Berbisnis sa’at Covid-19

Berbisnis Sa’at Covid-19

Dan tulisan dengan judul Berbisnis sa’at Covid-19 adalah untuk memberikan sedikit cercah pencerahan, bagaimana bisnis tetap berlangsung. Selamat datang pada sesi paling memukul, itu ungkapan pertama yang penulis terima dari salah seorang kolega. Minggu pertama sa’at status corona dan kasus covid-19 semakin menarik perhatian publik serta meminta korban. Sedikit banyak kondisi usaha dari para pemula yang baru mengawali usaha mereka satu tahun mendapat sinyal-sinyal tidak baika pada keadaan akan datang. Keraguan akan kehilangan pada model usaha yang dibangun setelah berlangsung selama satu tahun pertama, dan mulai ada tanda-tanda positif pada awal tahun 2020.

Ingin ditingkatkan dalam fokus yang lebih dan tentu pertumbuhan yang membuat pelaku usaha merasa akan yakin untuk berkembang. Kedatangnan covid telah memecah konsentrasi itu. Hampir 30% orang akan berpikir menunggu dan melihat. Selain berupaya untuk mengumpulkan cash sebagai antisipasi dalam mengahadapi ancaman kedepan. Akan tetapi memutus domisili akan berdampak benar-benar buruk pada bisnis jika dalam jangka panjang tidak diarahkan untuk membangun pertumbuhan usaha.

Domisili Sebagai Basis Bertahan

Hal pertama yang paling penting dipertahankan adalah domisili, apa yang membedakan kantor dan domisili?. Domisili adalah lokasi usaha anda.Dimana kita sering memperkenalkan usaha kita kepada calon klien. Untuk tujuan membangun reputasi, kepastian dan keyakinan kepada para pihak yang menjadi mitra bisnis dan calon konsumen. Demi tujuan tersebut, para pemilik usaha biasanya menggunakan domisili sebagai basis reputasi. Mungkin saja kantor tidak disana, tapi ketika verifikasi datang demi membangun ekosistim bisnis dengan menghadirkan informasi yang akurat kepada klien untuk menyatakan kebenaran perusahaan. Adalah kesalahan fatal jika sebuah entitas kehilangan verifikasi domisili dilapangan. Yang akan berujung pada hilangnya reputasi dan investasi basis konsumen yang membuat usaha dan nilai usaha bisa merugi scara nilai bisnis.
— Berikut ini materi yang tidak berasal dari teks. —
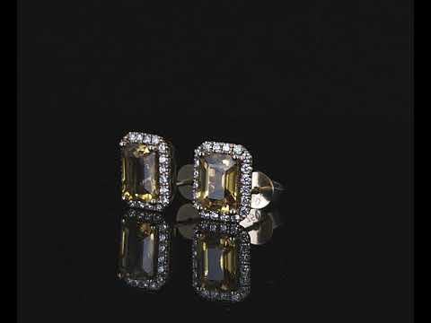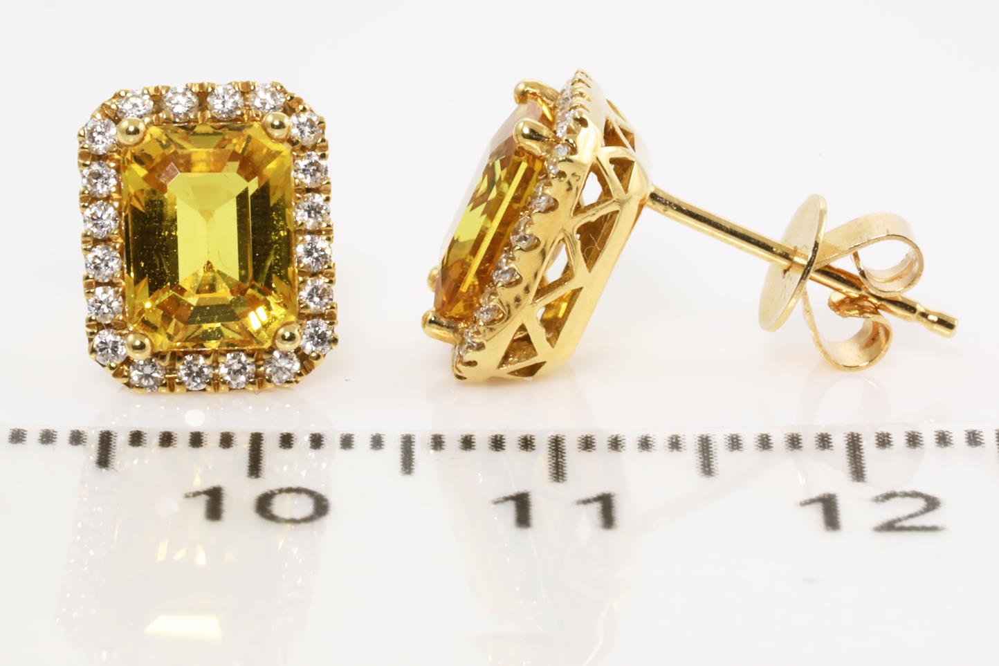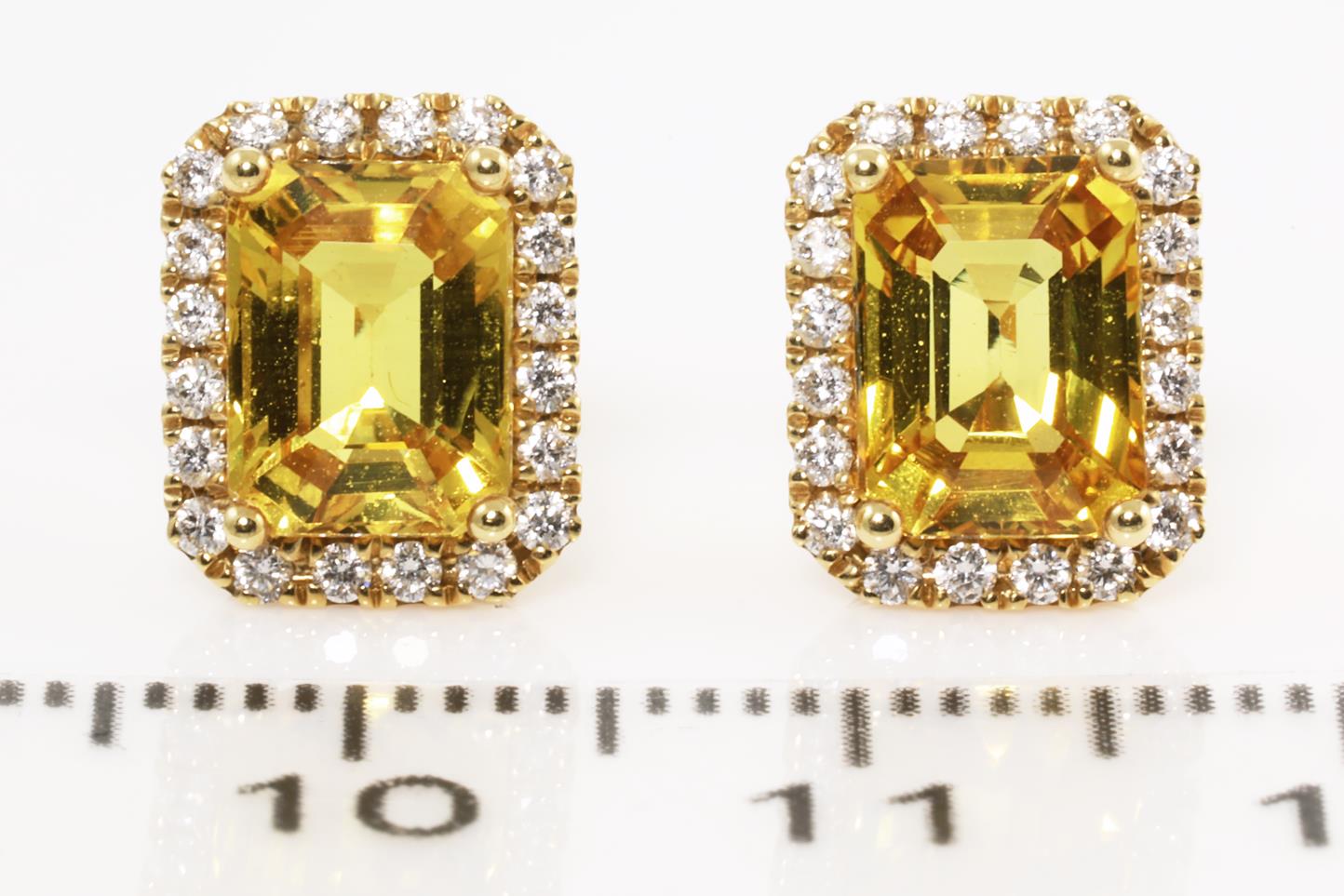 Sapphire and Diamond earrings with 2 emerald cut Yellow Sapphires totalling approximately 3.40cts and round Diamonds totalling approximately 0.30cts (Estimated grading: H SI). 18ct yellow gold. Weight: 4g (Pre-owned)

Dan dalam praktiknya kehilangan transaksi real dari bisnis dilapangan. Lalu petanyaannya mungkinkah mempertahankan reputasi usaha dengan cukup mengguakan domisili. jawabannya tentu mungkin. Dan bagaimana caranya?.Jawaban ini sebenarnya sudah terlihat ketika pembaca mengunjungi website ini. Salah satu fokus kami adalah memberikan legitimasi hukum dan sosial sertak marketing, kepada entitas usaha yang patuh dan sejalah dengan perudangan dan hukum di Indonesia. Sebagai penyedia virtual office yang menjadi pokok layanan kami ketika calon tenant butuh dukungan untuk bertumbuh dengan memberikan dorongan atau pengakuan akan keberdaaan mereka sebagai penyewa. Kehadiran Expresoo virutal office adalah penopang demi masa depan usaha ukm dan umkm di tangerang selatan. Menggap domili usaha tidak memiliki nilai ekonomis akan membuat usaha anda kehilangan reputasi. Dan memulai reputas lagi dari nol.

Komentar ditutup.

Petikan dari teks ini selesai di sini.